WHITING SCHOOL OF ENGINEERING
Robert Grande, an undergraduate majoring in mechanical engineering, was recently awarded second prize in the Philadelphia Classical Guitar Society Peter Segal Competition. Grande is minoring in guitar in the studio of Serap Gray at the Peabody Conservatory.
Carey Priebe, professor of applied mathematics and statistics, is the recipient of the American Statistical Association’s 2010 Section on Statistics in Defense and National Security Distinguished Achievement Award. Priebe is being recognized for his leadership and accomplishments on research projects for the Navy, Army, Air Force, DARPA and the intelligence community. The SDNS citation stated that “his prodigious contributions have resulted in solutions to problems at the forefront of both statistics and defense.

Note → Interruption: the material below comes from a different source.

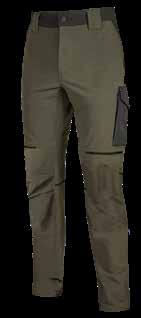 Pantalón con ajuste jogging en tejido U-4 (U-Power 4 vías stretch), que lo hace muy cómodo, resistente al desgarro, suave sobre la piel, repelente al agua, altamente transpirable y se seca rápidamente. Insertos elásticos en la cintura y en el fondo para un ajuste cómodo. Con dos amplios bolsillos delanteros, dos bolsillos frontales multifuncionales cerrados con cremallera. Dos bolsillos traseros, uno cerrado con cremallera y uno cerrado con velcro. Bolsillo portametro y tirador portamartillo. Bolsillos porta rodillera. Canesú trasero acentuado para una protección de la zona lumbar. Cinta reflex en tirador tubular trasero.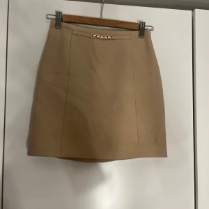 Snygg beige mid-waist pennkjol med gulddetalj fram och dragkedja baktill. Ganska kort och sitter tajt. Kjolen har en enkel och elegant design som går att styla till många olika tillfällen. Har några få noppror som endast syns på nära håll.

Specifically noteworthy is his seminal theoretical work on random attributed graphs. Along with his numerous contributions in computer security, methods for target detection and classification and in image segmentation, he is the inventor of a tool for discovering latent classes in high-dimensional data known as the class-cover digraph.”
Danielle Tarraf, assistant professor of electrical and computer engineering, is the recipient of an NSF CAREER award given in recognition of young scientists’ commitment to research and education. Tarraf’s award was given for “Analysis and Synthesis of Systems over Finite Alphabets: Theoretical Foundations, Analytical Methods and Algorithmic Tools.” The grant will support the development of a unifying framework built around the use of finite state automata as nominal models of both physical and computing processes. The research addresses fundamental problems at the interface of control theory, computer science, and mathematics and its applications.